The Christian response to Mithras was unique among responses to pagan cults. Justin Martyr, writing around 150 CE, did not dismiss the Mithraic meal as meaningless superstition. He called it a demonic imitation of the Eucharist, created in advance by devils with foreknowledge of Christ. Tertullian made the same argument about Mithraic baptism and the Miles crown ordeal. The early Christians did not say Mithras was nothing. They said he was a counterfeit. The similarity was the threat.
The December 25 connection is regularly overstated. The Chronograph of 354 lists that date as the Natalis Invicti, the Birthday of the Unconquered. This is a feast of Sol Invictus, the public solar cult promoted by Emperor Aurelian in 274 CE. Steven Hijmans has demonstrated that the December 25 solar festival belongs to the public cult of Sol, not specifically to Mithras. Within Mithraic art, Mithras and Sol appear as two separate figures. The claim that “Christians stole Christmas from Mithras” is wrong, or at best a significant oversimplification.
Modern Survival
When the end came, it came in two ways.
Some mithraea were destroyed violently. At Sarrebourg in Gaul, the altar was smashed, faces defaced, and a skeleton with hands bound behind its back with iron chains was found in the debris. Jerome records the senator Gracchus overturning, breaking, and setting fire to a mithraeum and “all the monstrous images” before converting to Christianity. At San Clemente in Rome, the mithraeum was filled with rubble to provide foundations for a Christian apse.
Other mithraea were buried with care. At the London Walbrook mithraeum, sculptures were “very carefully buried by people who had considerable respect for them.” At Osterburken, the bull-slaying relief was covered with sand. At Santa Maria Capua Vetere, the space was filled in and the wall paintings left unmarked. These were not acts of destruction. They look like acts of ritual closure, performed by the Mithraists themselves. They knew their time was ending. Some chose to bury their gods with dignity.

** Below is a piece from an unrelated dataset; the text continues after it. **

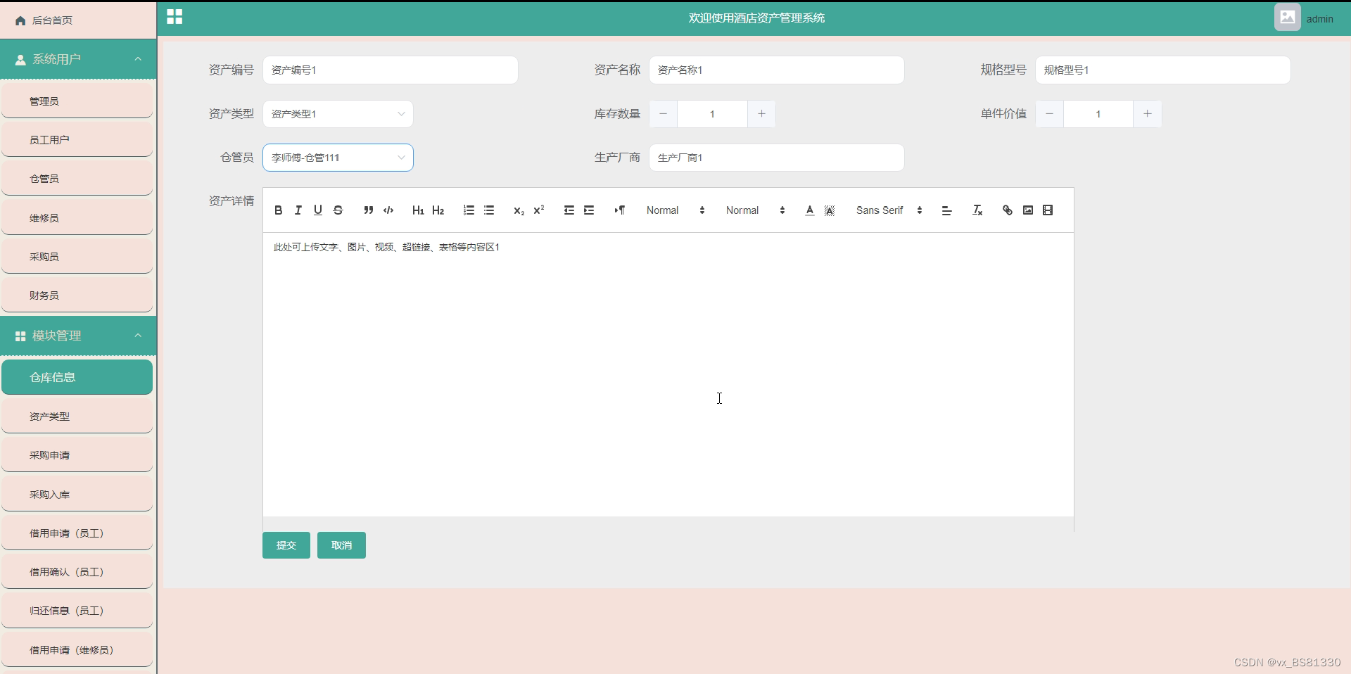 酒店资产管理系统的功能主要分为员工用户、仓管员、维修员、采购员、财务员、管理员等六个角色。

The Mithraism article on this site covers the full archaeological and textual record. What that record preserves is a religion that operated for three centuries without producing a surviving scripture, whose central image encodes real astronomical knowledge that no single scholar has fully decoded, whose followers included both frontier soldiers and Roman senators, and whose temples were small enough to feel like family and dark enough to feel like the cosmos. The Mithraists kept their secrets. When they could no longer keep their temples, some of them kept the secret one last time by choosing how the end would look.